Он улыбнулся половиной рта.
– Обожди, – я вальяжно уселся на скрипящий стул, как у себя дома. В общем-то именно у себя дома я и был. – Правильно ли я услыхал, – я поковырялся мизинцем в ухе. – Я должен выдумать, как набиться в друзья к вашему мальчишке?
– Ему почти семнадцать, – проворчал кривозубый солдат по правую руку.
– Да как угодно, – я подбавил сливянки в кружку. – Мне что, признаться ему в любви? Навязаться в прислугу? И с утра до ночи лгать, покуда все не вскроется?
– Ты спокойно лгал родной матери, Две Улыбки. А здесь – какой-то чужой мальчишка. – В глазах главного подонка давно зрела издевка.
Рябой подхватил:
– Нет более вертлявой скотины на всем материке…
– Тихо.
Главарь подсел на второй стул, у которого ножка почти отвалилась. К сожалению, его вес она выдержала.
– Допустим, я соглашусь. – Этот разговор мне нравился все меньше. Одно дело, когда лжешь чужакам. Совсем другое – гнилая куча вранья, которую чужаки притащили в твой дом и делают вид, что это полевые цветы. И ты вроде как должен радоваться, будто девица на сеновале. – И сколько мне его преследовать?
– Столько, псиная рожа, сколько потребуется! – рявкнул тот, что стоял у двери.

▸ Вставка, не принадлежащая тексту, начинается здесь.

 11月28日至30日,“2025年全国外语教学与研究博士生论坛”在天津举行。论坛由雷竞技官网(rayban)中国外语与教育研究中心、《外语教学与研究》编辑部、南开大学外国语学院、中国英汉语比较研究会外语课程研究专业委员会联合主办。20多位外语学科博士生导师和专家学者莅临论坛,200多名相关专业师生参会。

Главарь поднял на него тяжелый взгляд, и все притихли. Говорил теперь только он:
– Я полагаю, не больше года-двух.
Попомните мои слова – ничего не бывает хорошим, что так легко звучит. Главарь непрошеных гостей поправился.
– В худшем случае – трех.
Я осмотрел стены своего дома. Покосившаяся картина – я украл ее где-то в Эритании и привез с собой. Небольшая фигурка забытого божка, которую я перекупил у Коржа, когда его руки были целы. Странное дело – возвращаешь человека в землю, а он все еще здесь, с тобой.
К стенам привыкаешь. Даже если доски прибиты криво и часть из них совсем рассохлась. Святая матушка, я обещал Вельмире, что мы покроем стол лаком еще той весной…

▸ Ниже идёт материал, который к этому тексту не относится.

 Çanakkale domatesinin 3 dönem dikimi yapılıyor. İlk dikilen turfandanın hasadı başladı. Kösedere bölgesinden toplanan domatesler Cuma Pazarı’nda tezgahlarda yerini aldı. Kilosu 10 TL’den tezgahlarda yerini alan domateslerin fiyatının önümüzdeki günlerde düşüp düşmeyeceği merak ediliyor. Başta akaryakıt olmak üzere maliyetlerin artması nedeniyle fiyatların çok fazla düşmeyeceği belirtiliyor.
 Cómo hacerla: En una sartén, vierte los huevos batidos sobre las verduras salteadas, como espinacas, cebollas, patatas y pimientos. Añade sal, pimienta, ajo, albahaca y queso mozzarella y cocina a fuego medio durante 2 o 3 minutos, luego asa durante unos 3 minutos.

– Три года, – я вздохнул. – Знаете, а ведь я уже не так молод.
В Воснии дожить до тридцати пяти – большое везение. Тем более коли приходится прятаться в чужом краю, потому что добрую половину друзей ты заставил улыбаться, прирезал их жен и сыновей. Сколько времени у меня осталось? Успею ли я встретить невестку Бена и, может, выпить с ее отцом?..

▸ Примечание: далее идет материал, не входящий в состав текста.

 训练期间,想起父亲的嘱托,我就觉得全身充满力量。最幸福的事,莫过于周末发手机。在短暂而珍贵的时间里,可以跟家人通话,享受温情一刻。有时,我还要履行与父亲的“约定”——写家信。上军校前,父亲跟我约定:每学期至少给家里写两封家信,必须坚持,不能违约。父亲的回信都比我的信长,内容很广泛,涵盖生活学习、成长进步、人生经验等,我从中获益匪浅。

– Пить это тебе не мешает, – огрызнулся кривозубый.
– Подумай о своих детишках, – услужливо подсказал парень с огромным лбом, который до того молчал.
Я глянул на них исподлобья, отставил кружку. Главарь сделался мягче:
– Уж это явно получше тех делишек, что ты проворачивал, а? Говорят, нас помнят за добрые поступки. Не пора ль тебе совершить хотя бы один?
Я прикрыл лицо рукой и засмеялся. Добрые дела. Одно добрее другого.
– Смешно. Ему смешно, – всплеснул руками солдат у лестницы.
Главный ублюдок показал ладонь, осадил его. Терпеливо ждал, что я отвечу.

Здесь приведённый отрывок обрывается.